Vancouver Whitecaps FC
- Chairman: Greg Kerfoot
- Head coach: Bob Lilley
- USL First Division: 4th
- USL–1 Playoffs: Champions
- Voyageurs Cup: 3rd
- Highest home attendance: 5,722 (SO) (3 times)
- Lowest home attendance: 4, 540 June 30 vs PT
- Average home league attendance: 5,085
| Home colours | Away colours |
- ← 20052007 →

= 2006 Vancouver Whitecaps FC season =

Vancouver Whitecaps FC 2006 soccer season

The 2006 Vancouver Whitecaps FC season was the club's 21st year of existence (or 31st if counting the NASL Whitecaps), as well as their 14th as a Division 2 club in the franchise model of US-based soccer leagues. 2006 was Bob Lilley's second season as head coach, and they started the season with many draws while the team sorted itself out. In the last ten games after some player additions, the Whitecaps lost only two of their last ten games. In the playoffs Vancouver went on a run as the fourth seed. They first had a play-in round series against Miami FC Blues and Romário before upsetting regular season champion or Commissioner's Cup winner and Canadian rival Montreal Impact with two second half of overtime goals in the second leg away in La belle province. The first goal scorer was Eduardo Sebrango, a striker out of favour in Montreal in 2005 (he was the 2004 leading goal scorer on the Impact) that Vancouver signed in the off season. In the single championship game at the regular season runner-up Rochester Rhinos' new home, PAETEC Park, the Whitecaps scored via an own goal just before half time and then put the game out of reach with two more goals to win 0 – 3.

The Whitecaps FC Women ruthlessly won the 2006 W-League Championship, the club's second, finishing with almost twice as many regular season points as the runner up in the Western Conference before 5 – 0 and 3 – 0 wins achieved the title. The club also had four USL Super Y League teams play in the finals held in Florida. This was the first time a club has won both the men's and women's United States D2 championships in the same year.

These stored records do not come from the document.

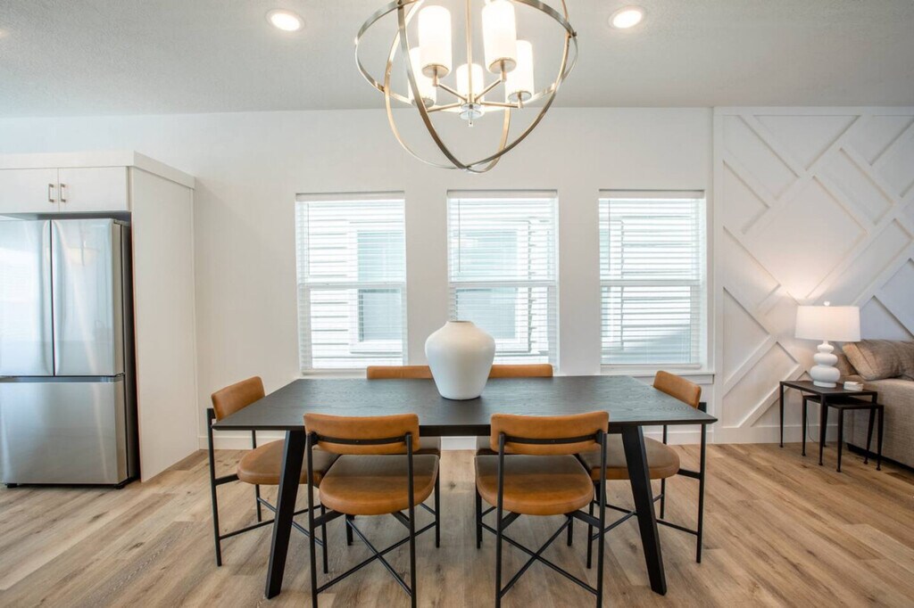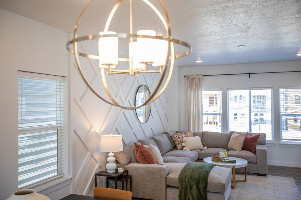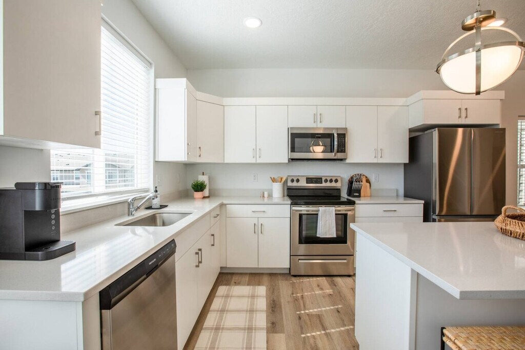 Feel at home in this new mid-century modern townhome located in American Fork. With easy access to American Fork Canyon, you'll be able to easily enjoy all your outdoor activities. The spacious kitchen is fully equipped with modern appliances, including an oven, coffee maker, toaster, and food chopper, making meal prep easy and enjoyable. A dining table seats six, with an additional island bar that accommodates three more. This open-concept space is perfect for gathering and sharing meals. A washer and dryer are available, making laundry tasks simple and efficient. Pets are welcome at the cost of $10 per pet, per day. Local destinations include Sundance Mountain Resort, University of Utah, Delta Center, Salt Palace Convention Center, American Fork Canyon, SLC International Airport, Thanksgiving Point, BYU Stadium, Snowbird Resort, Alta Ski Area, Solitude Ski Resort, Deer Valley Resort and Brighton Resort. No smoking or vaping is allowed on the premises. A $200 per day fee will be assessed for each day of the reservation if it is found that guests have been smoking or vaping on the premises. For unauthorized pets, a $250 fee will be assessed. Quiet hours begin at 10:00 PM each night and continue until sunrise. Moving of furniture is not allowed. A $500 fee will be assessed if the cleaners have to move furniture to reset the property for the next guest. [SI]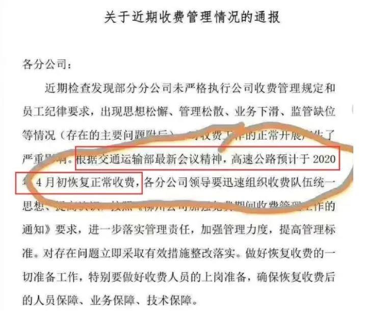 另一份《关于近期收费管理情况的通报》文件显示,根据交通运输部最新会议精神,高速公路预计于2020年4月初恢复正常收费。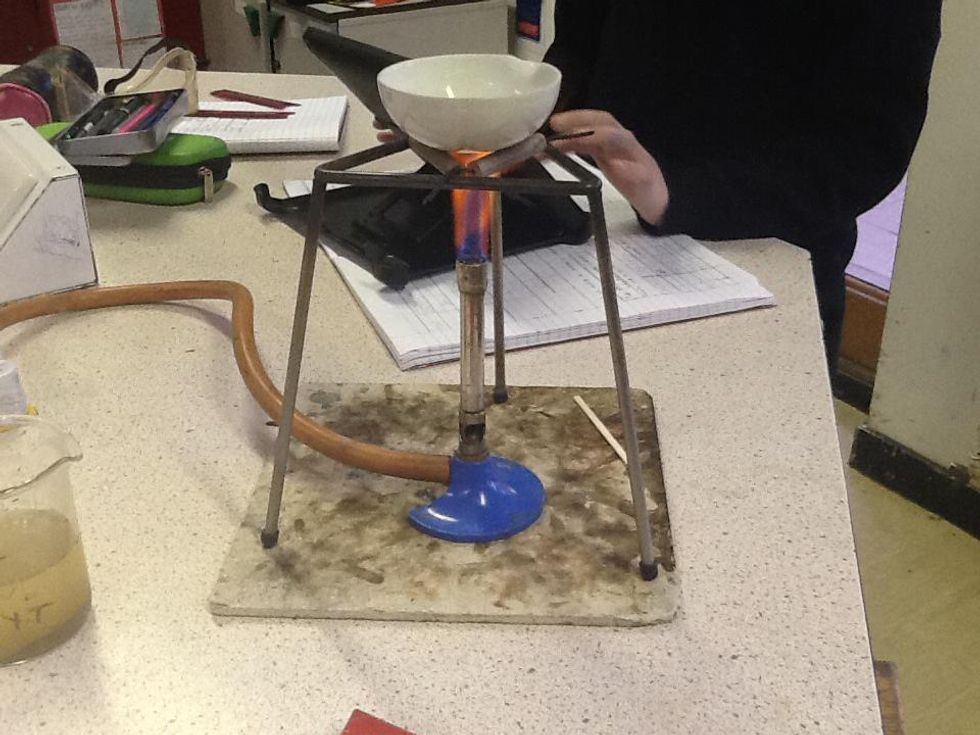 Put filter paper in the funnel and then funnel water through it. Let it run into the evaporating basin.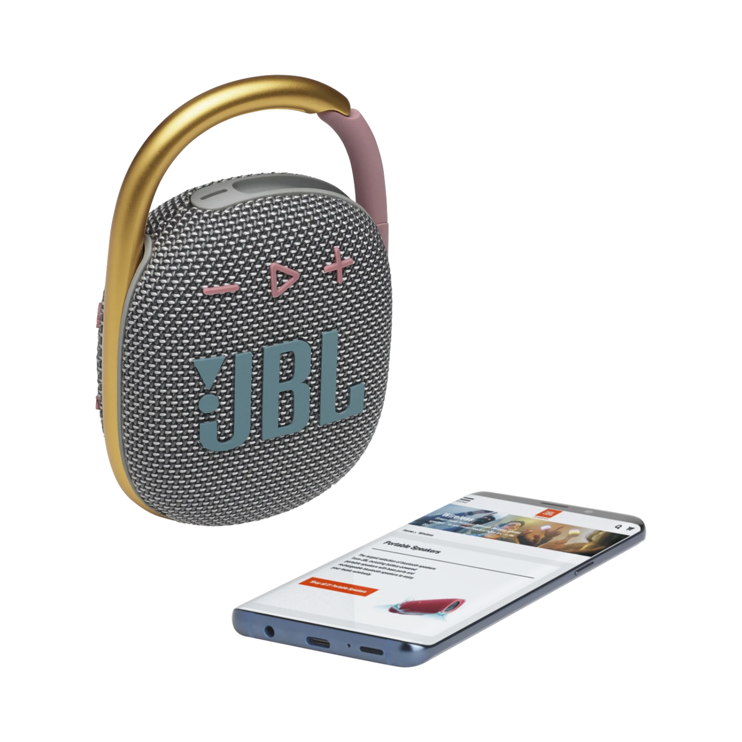 The JBL JBLCLIP4GRYAM is a portable Bluetooth speaker designed to deliver clear and full sound with solid bass in a compact and easy-to-carry form. It features a 5-watt driver that produces punchy audio suitable for outdoor adventures or casual listening at home. With up to 10 hours of battery life and Bluetooth 5.1 connectivity, it offers reliable wireless performance and long-lasting playtime. Its IP67 rating ensures it is waterproof and dustproof, making it ready for use in various environments.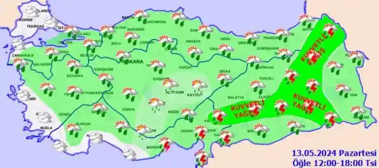 Meteoroloji Genel Müdürlüğü tarafından yapılan son değerlendirmelere göre, haftanın ilk günü olan 13 Mayıs Pazartesi gününe ilişkin raporu yayımladı.
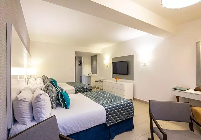 Das Resort besteht aus 170 Zimmern in verschiedenen Kategorien, die alle eine eigene Terrasse oder einen eigenen Balkon besitzen. Alle Zimmer verfügen zudem über Klimaanlage, WLAN, Tee- und Kaffee-Ecke, Minibar, Safe und Flachbildschirm-TV-Gerät.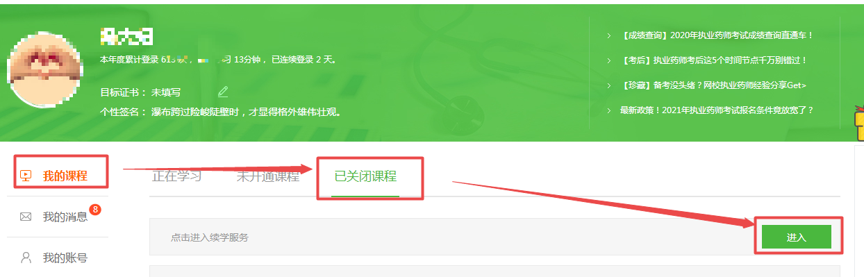 (1)在“我的網(wǎng)校我的家”中,查看“已關(guān)閉課程”,點(diǎn)擊“進(jìn)入續(xù)學(xué)服務(wù)”;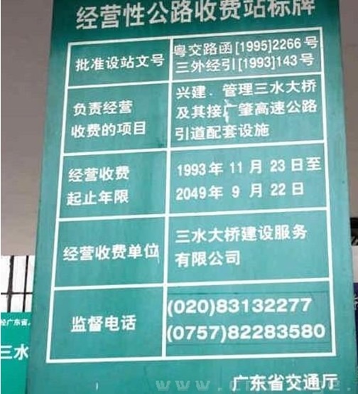 廣東佛山三水大橋,收費起止年限從1993年11月23日到2049年9月22日,時間長達(dá)55年多。此橋收費引起群眾不滿。據(jù)了解,三水大橋工程投資約4.56億元,截至去年收費達(dá)7.5億元人民幣。目前三水大橋已進(jìn)入純盈利期,如按現(xiàn)在路費收入每天10萬元左右計算,到2049年將有近14億元收入。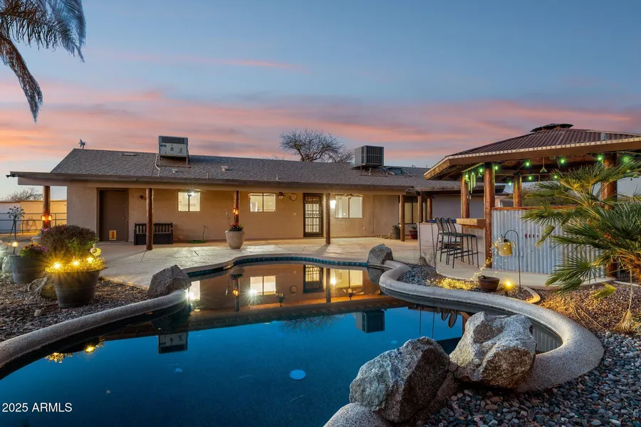 Horse property with a lot to offer! This 3 bedroom 2 bathroom home is easy to navigate with a neutral pallet. Backyard is ready to entertain- gazebo with fan, built in bbq with fridge, firepit, pool & spa. 5 stall block barn with attached turnout, 90X130 arena, tack shed, wash rack, 4 extra stalls covered for supply's etc.. with automatic waters and lights. Come and see!
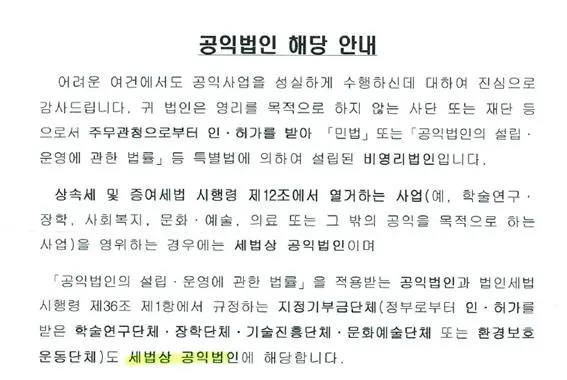 제 고객사 중에 두 군데서 위의 공문을 받았고 공익법인 해당 여부에 대해서 질의를 하였습니다.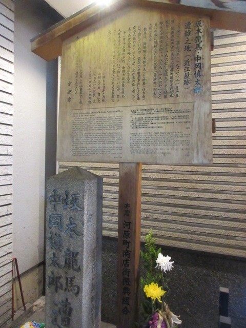 京都の町中に急に現れる場所です。石碑とともに案内板と、坂本龍馬と中岡慎太郎の絵などが展示されているので、わかりやすいですが、唐突に商店街に現れるのでちょっと不思議です。幕末の近江屋事件のあった場所で、ここで竜馬は暗殺されてしまいます。場所柄しみじみしにくいですが、重要スポットですね。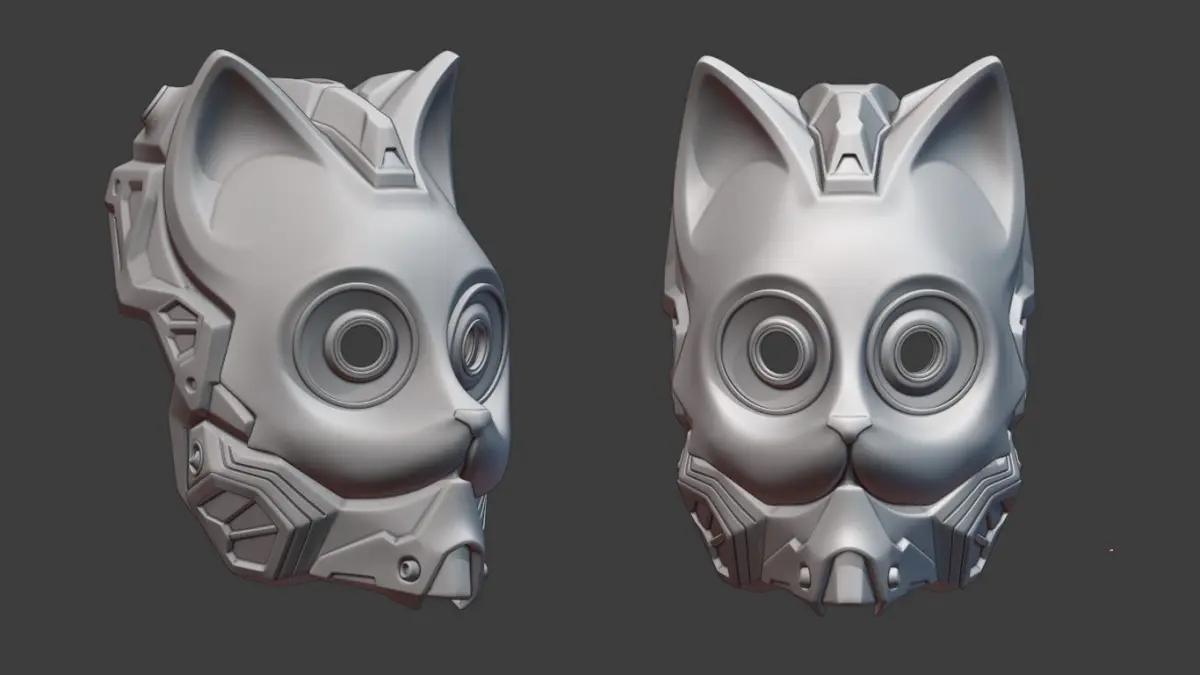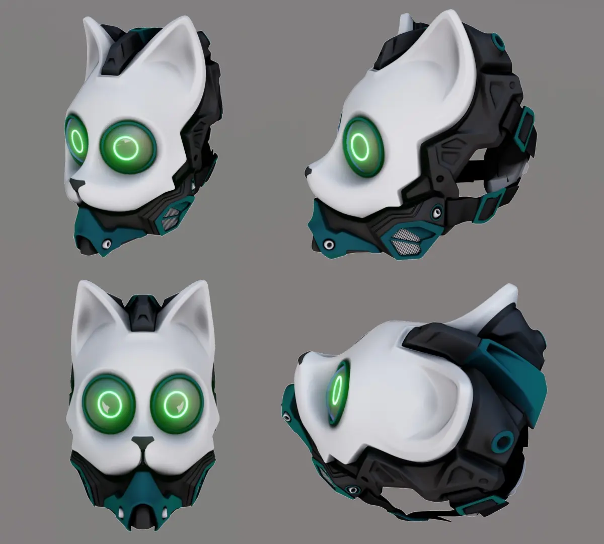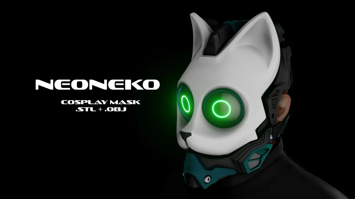 This is my personal design of futuristic cat mask. The mask will fit a head 15 to 16.5cm wide. The wall thickness of the model is 3mm. Ready for printing by parts, includes obj, stl.Added eyes v2.zip which includes the next version of eyes O, X and heart.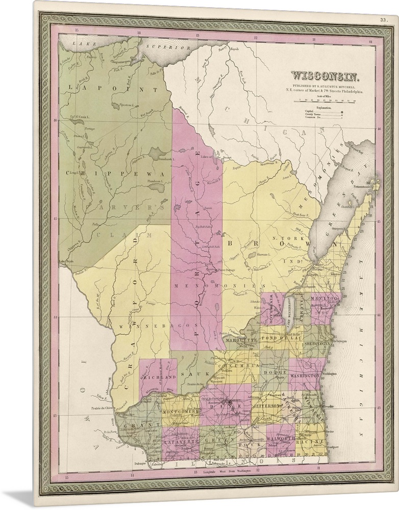 Art Drawing Maps Antique Maps Samuel Augustus Mitchell Wisconsin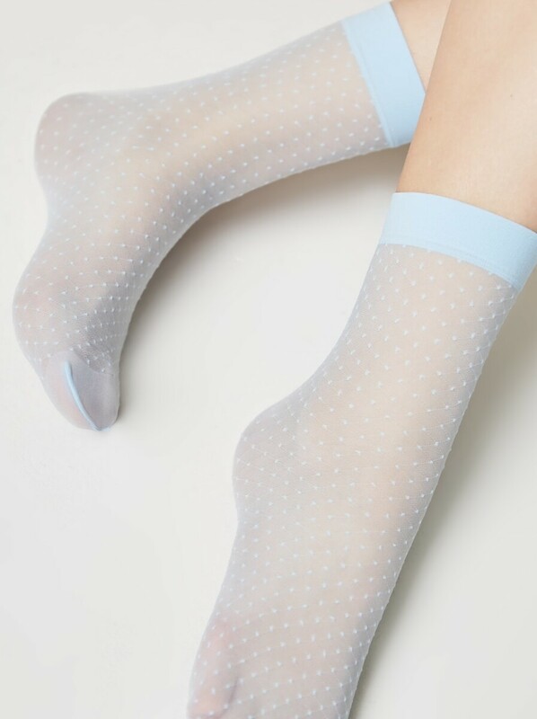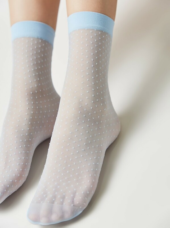 Эластичные полупрозрачные носки в горошек станут стильным акцентом вашего модного образа. Вы оцените удобный эластичный борт и комфортную облегающую посадку на ноге.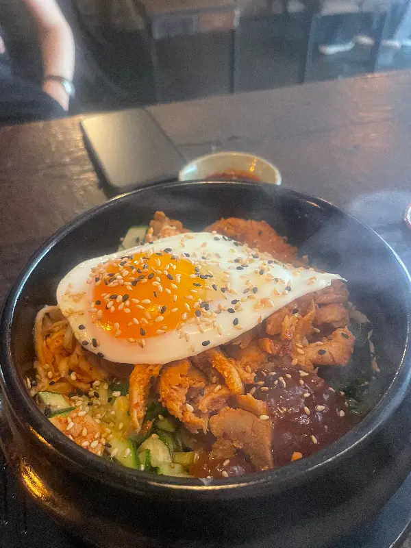 치코기에서 가장 먼저 눈길을 사로잡는 메뉴는 단연 돌솥 비빔밥입니다. 뜨겁게 달궈진 돌솥 안에는 신선한 채소와 고기가 푸짐하게 담겨 있고, 그 위에 곱게 올려진 계란 프라이는 시각적인 만족감을 더합니다.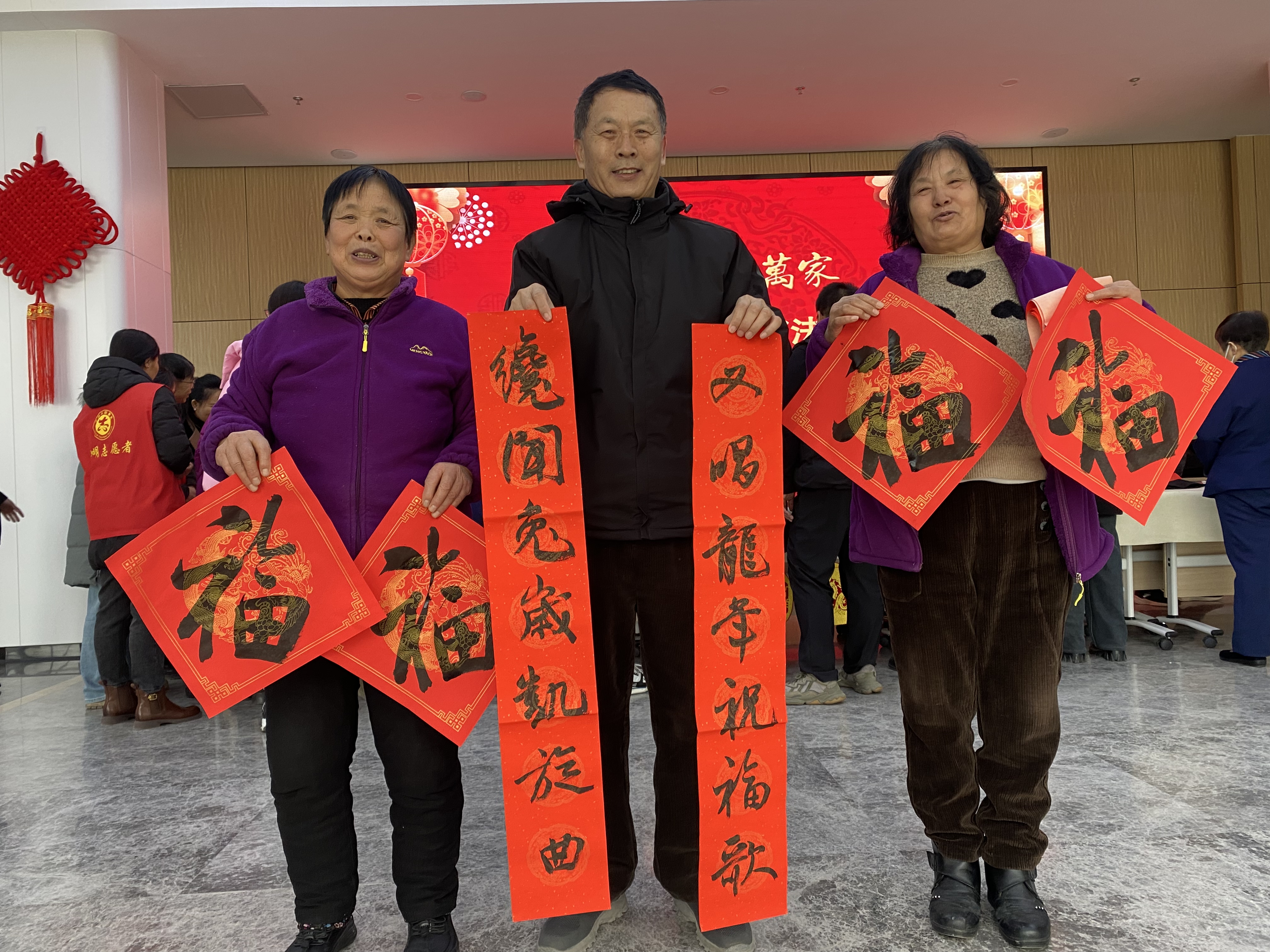 “春來大地花開早,福滿人間喜事多”“龍騰虎躍新時代,強國富民好運程”一行行俊逸的書法,一句句真誠的祝福,深受群眾感動和喜愛。“送萬福,進萬家”書法公益活動現場洋溢著濃濃的年味。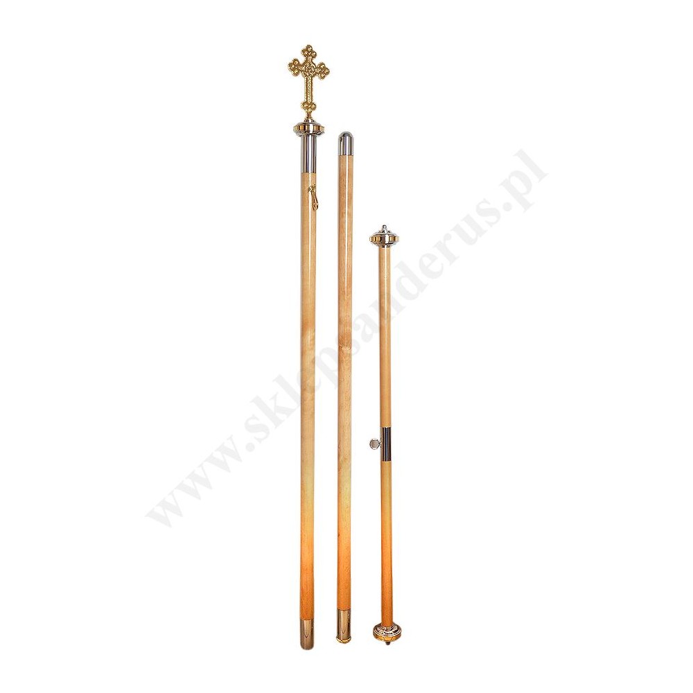 Drzewiec do chorągwi z okuciami mosiężnymi, niklowanymi. Wysokość ze zwieńczeniem krzyża 272 cm, szerokość drzewca poziomego z okuciami 106 cm.

The league was a single table competition although the schedule was not balanced; it was home and away with additional matches against Seattle, Portland, and Minnesota. Head to head results were the first tie-breaker. Average attendance increased for the fifth year in a row and was above 5,000 for the second time since 2001. Two double-headers were played with the Whitecaps Women, the USL W-League.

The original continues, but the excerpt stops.